TRY IT | Output the full listing exactly as written, with no pictures in it.

DATA BELOW |
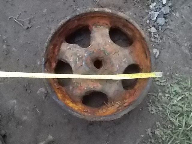 Добрый день! Каток с ходовой тележки трактора типа Т-74, ДТ-75. Ручка с винтом - предполагаю с какого бытового преса.
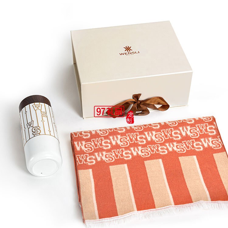 萬(wàn)事利冬季2022年送禮新款真絲絨圍巾陶瓷隨行杯禮盒
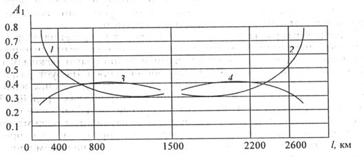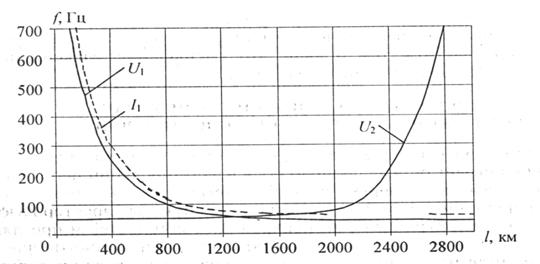 На рисунке 7.4 приведены зависимости амплитуды первой составляющей напряжения от расстояния до точки КЗ при двух углах включения. Существенное влияние на частоты и амплитуды свободных составляющих оказывают такие характерные для линий сверхвысокого напряжения явления, как

EXERCISE OUTPUT |
 Добрый день! Каток с ходовой тележки трактора типа Т-74, ДТ-75. Ручка с винтом - предполагаю с какого бытового преса.
 萬(wàn)事利冬季2022年送禮新款真絲絨圍巾陶瓷隨行杯禮盒
 На рисунке 7.4 приведены зависимости амплитуды первой составляющей напряжения от расстояния до точки КЗ при двух углах включения. Существенное влияние на частоты и амплитуды свободных составляющих оказывают такие характерные для линий сверхвысокого напряжения явления, как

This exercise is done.